Le testament fait partie de ces institutions juridiques connues de tous. Pour autant, il n’est pas toujours évident d’identifier toutes les possibilités qu’il offre, ni les limites qu’il connaît. Catherine Savoye, de l’Office AINAY Notaires de LYON, membre du groupe Monassier, fait le point sur le sujet.
Que peut-on faire par testament ?
Tout ! ou presque. Le testament est l’acte juridique par lequel une personne, le testateur, exprime ses dernières volontés et dispose de ses biens pour le temps qui suivra sa mort. Ces dispositions peuvent prendre plusieurs aspects.
En premier lieu, le testateur peut vouloir avantager telle ou telle personne, qu’elle soit ou non son héritière, voire telle ou telle association ou œuvre de bienfaisance, en lui consentant un legs. Ce legs peut être universel, c’est-à-dire porter sur l’ensemble des biens successoraux (le légataire est alors traité comme un héritier à part entière), à titre universel, c’est-à-dire porter sur une portion déterminée de la succession (le quart, la moitié, etc.) ou un type des biens (les immeubles, les meubles), ou enfin, à titre particulier, c’est-à-dire porter sur tel ou tel bien déterminé. Le notaire peut aider le testateur à affiner son souhait : veut-il avantager en pleine propriété ? en usufruit seulement ? Veut-il que le legs s’accompagne d’une charge, comme le paiement de certains frais ? veut-il prévoir le sort du bien au décès de son légataire ? Plus les volontés seront précises et subtiles, plus le conseil du notaire est recommandé, afin de s’assurer qu’elles soient correctement exprimées et efficacement exécutées.
En second lieu, le testament peut être motivé par le souhait de protéger. Il est ainsi fréquemment conseillé à l’occasion de la conclusion d’un PACS, celui-ci étant insuffisant à rendre les partenaires héritiers l’un de l’autre. L’acquisition d’un bien immobilier par des partenaires de PACS ou des concubins est également l’occasion de prévoir le sort du bien au décès du premier d’entre eux, afin d’éviter que le survivant ne se retrouve en indivision avec les héritiers du prémourant. Un legs peut ainsi permettre d’offrir au survivant soit la pleine propriété du bien, soit un usufruit, ou encore un droit d’usage et d’habitation, pour qu’il puisse y demeurer après le décès.

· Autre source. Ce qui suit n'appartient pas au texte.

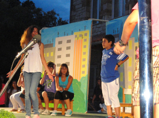 Τα παιδιά παρουσίασαν, σε διασκευή της δασκάλας της ΣΤ2 τάξης Βάσως Φώτου, το έργο του Αντώνη Δελώνη «Ας παίξουμε τους μεγάλους» . Παρά τα παιχνίδια του καιρού και τα απειλητικά σύννεφα , η γιορτή έφτασε στο τέλος και τότε άνοιξαν οι …καταρράκτες του ουρανού.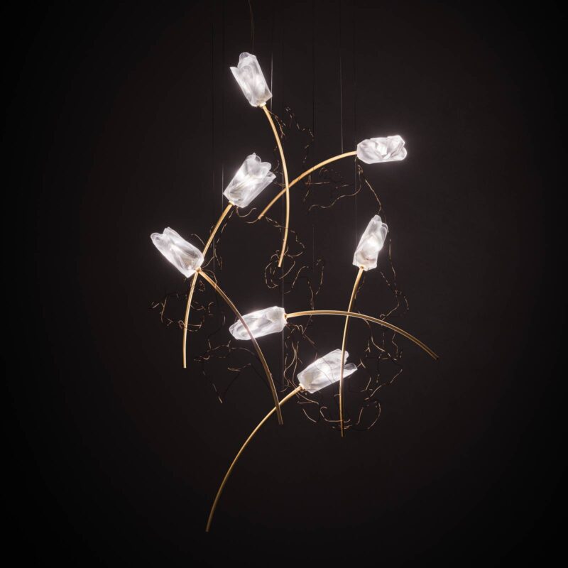 Závesné svietidlo Oniric Tulip v kvetinovom dizajneZávesné svietidlo Tulip pôsobí ľahkým, elegantným a zasneným dojmom. Svietidlo pozostáva zo sekvencie siedmich tulipánov s korunou vytvorenou z materiálu Lentiflex®, vďaka čomu je každý kvet jedinečný. Technopolymér Lentiflex® je plast špeciálne vyvinutý a patentovaný spoločnosťou Slamp, ktorý je charakteristický svojou priehľadnosťou a veľmi zvláštnym účinkom vo svetle. Vďaka čiastočne neviditeľnému oceľovému lanku sa zdá, akoby sa svietiace kvety, ktoré vykvitli zo stoniek z brúsenej mosadze, voľne vznášali vo vzduchu. Tulipány sú naklonené osobitným spôsobom, aby sa obnovil prirodzený vzhľad. Každý tulipán v rade je spojený s ďalším skrúteným a sugestívnym tenkým medeným drôtom, cez ktorý prúdi nízkonapäťová elektrina.- Súčasťou dodávky sú stmievateľné žiarovky, jas nastaviteľný pomocou externého stmievača PWM / 0 – 10 VDizajn závesného svietidla Tulipán je dielom priemyselného dizajnéra Marca Sadlera. Spomína na dlhoročné skúsenosti dizajnéra v športovom priemysle a ako jeden z prvých navrhol športové predmety z plastu. Sadler je štvornásobným držiteľom ceny Golden Compass ADI a získal množstvo ďalších medzinárodných ocenení. V roku 1968 absolvoval École Nationale Supérieure des Arts Décoratifs v Paríži a svojou dizertačnou prácou o plastoch sa zaradil medzi priekopníkov experimentovania. v roku 1992 založil Roberto Ziliani taliansku spoločnosť Slamp, ktorá sa zaoberá osvetlením. V dizajnérskej kováčskej dielni sa kladie osobitný dôraz na vývoj nových typov materiálov. Okrem prírodných a tradičných materiálov, ako je koža, meď, krištáľ alebo nehrdzavejúca oceľ, preto Slamp pracuje s exkluzívnymi a špeciálne patentovanými technopolymérmi, ako sú Cristalflex®, Opalflex® a Lentiflex®. Pomocou týchto plastov sa dajú realizovať jedinečné svetelné efekty a dizajny, ktoré všade upútajú pozornosť.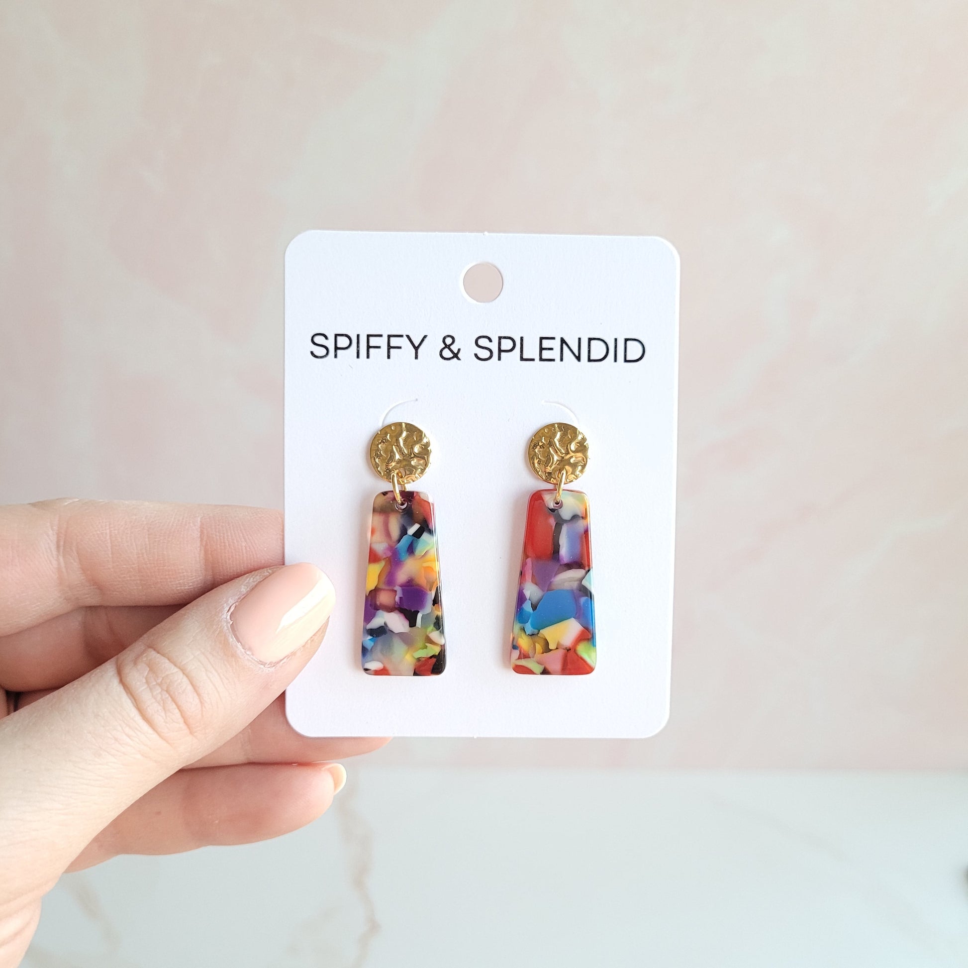Our Mia Mini Earrings feature a fun pop of color with gold stud accents. These dainty earrings make the perfect finishing touch to any outfit, while still being small and delicate enough to wear every day.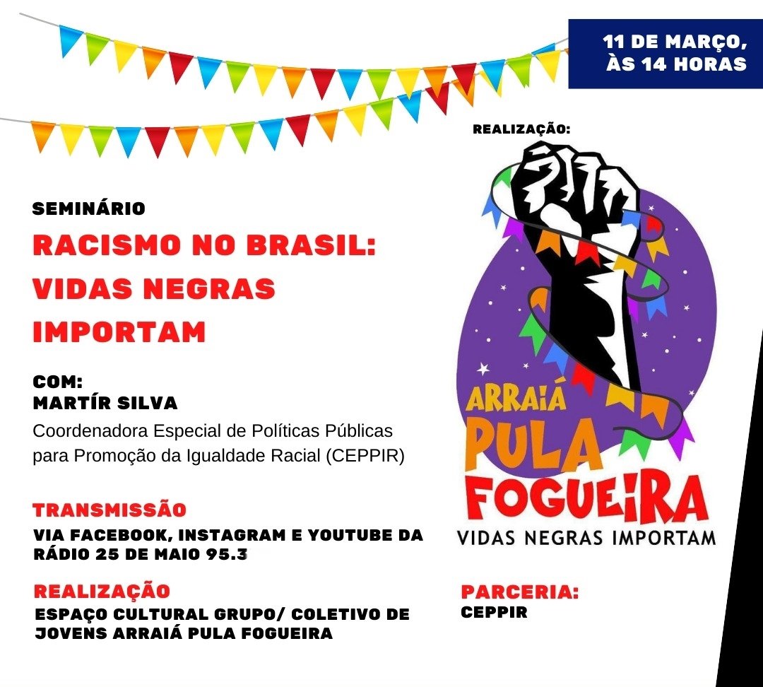 O Espaço Cultural Grupo/Coletivo de Jovens Arraiá Pula Fogueira, do Assentamento 25 de Maio, na localidade de Paus Brancos, em Madalena, promove no dia 11 de março, um seminário sobre racismo no Brasil.

Le testament peut également être un instrument de répartition : on parle alors de testament-partage. Il s’agit pour le testateur de répartir les biens entre ses héritiers, en formant des lots pour chacun d’eux. Dans ce cas, l’héritier est contraint par le lot qui lui est offert : soit il l’accepte, soit il le refuse, mais alors c’est à la succession dans son entier qu’il renonce.
Si le PACS ou l’acquisition d’une résidence sont souvent les motifs qui conduisent à la rédaction du testament, il est recommandé de profiter de cette occasion pour régler les autres difficultés liées au prédécès. Ainsi peut-on prévoir le sort des autres biens, des comptes bancaires, la part revenant aux enfants, au conjoint, mais aussi désigner les bénéficiaires d’un contrat d’assurance-vie, etc.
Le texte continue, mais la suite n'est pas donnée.